*** Opening SUPPLIED RECORDS ***

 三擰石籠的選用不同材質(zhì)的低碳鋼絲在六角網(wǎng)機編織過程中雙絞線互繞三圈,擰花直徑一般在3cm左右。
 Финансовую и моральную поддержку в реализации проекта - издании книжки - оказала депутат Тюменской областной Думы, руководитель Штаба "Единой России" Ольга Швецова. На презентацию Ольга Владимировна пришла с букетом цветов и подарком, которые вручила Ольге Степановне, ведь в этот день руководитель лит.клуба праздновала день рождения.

*** Closing SUPPLIED RECORDS ***
*** Opening SUPPLIED RECORDS ***

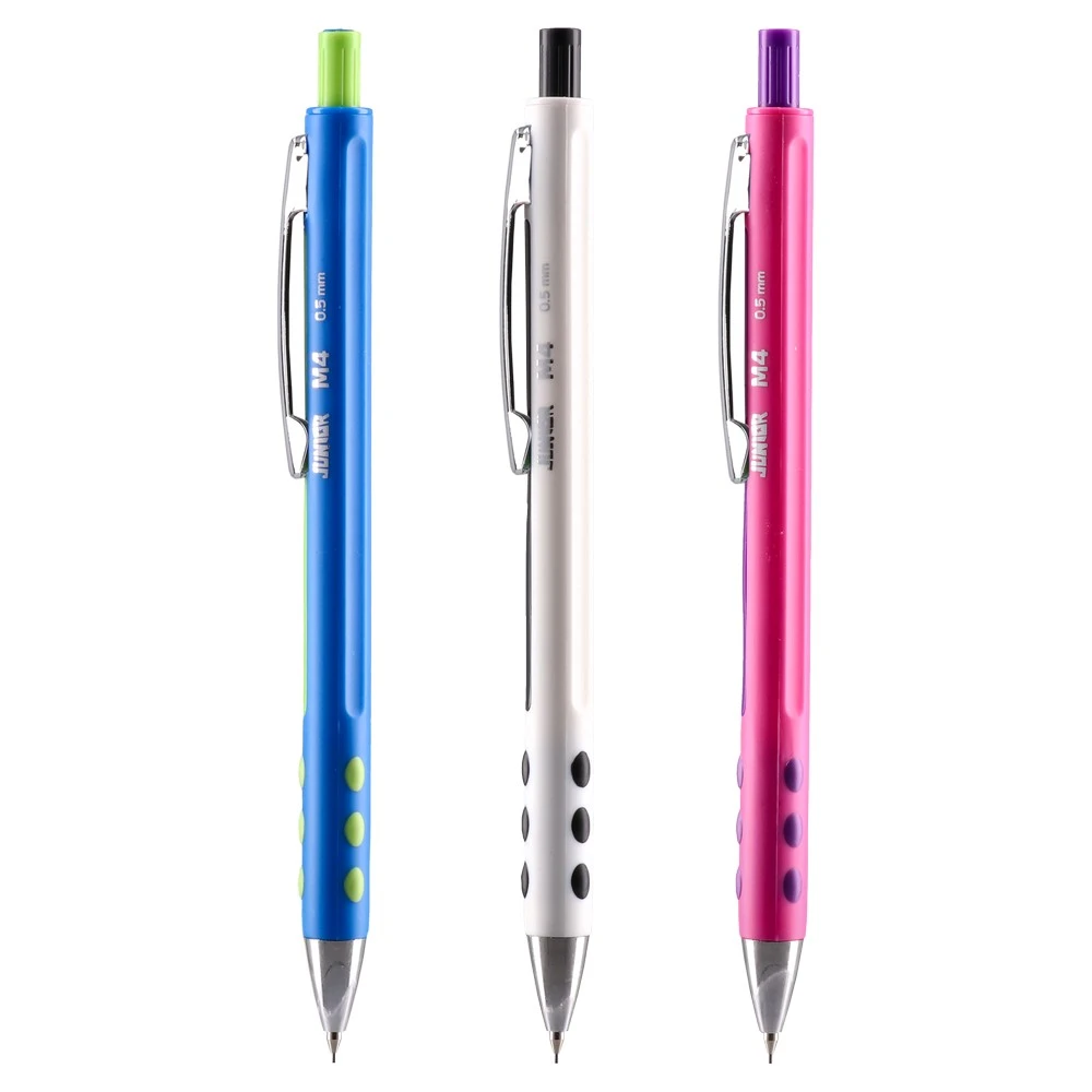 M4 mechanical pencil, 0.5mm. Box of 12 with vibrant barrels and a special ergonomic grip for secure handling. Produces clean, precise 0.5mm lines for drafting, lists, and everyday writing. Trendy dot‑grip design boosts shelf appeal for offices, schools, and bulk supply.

*** Closing SUPPLIED RECORDS ***
*** Opening SUPPLIED RECORDS ***

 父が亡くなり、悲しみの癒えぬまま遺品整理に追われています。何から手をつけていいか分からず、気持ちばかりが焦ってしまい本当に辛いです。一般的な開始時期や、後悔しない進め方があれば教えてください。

*** Closing SUPPLIED RECORDS ***

> **PROBLEM STATEMENT**
In the entries above, find the line with "三擰石籠的選用不同材質(zh" and the line with "Финансовую и моральную", then set down exactly those two and every line between them, nothing else.

> **SOLUTION FOR THIS PROBLEM**
 三擰石籠的選用不同材質(zhì)的低碳鋼絲在六角網(wǎng)機編織過程中雙絞線互繞三圈,擰花直徑一般在3cm左右。
 Финансовую и моральную поддержку в реализации проекта - издании книжки - оказала депутат Тюменской областной Думы, руководитель Штаба "Единой России" Ольга Швецова. На презентацию Ольга Владимировна пришла с букетом цветов и подарком, которые вручила Ольге Степановне, ведь в этот день руководитель лит.клуба праздновала день рождения.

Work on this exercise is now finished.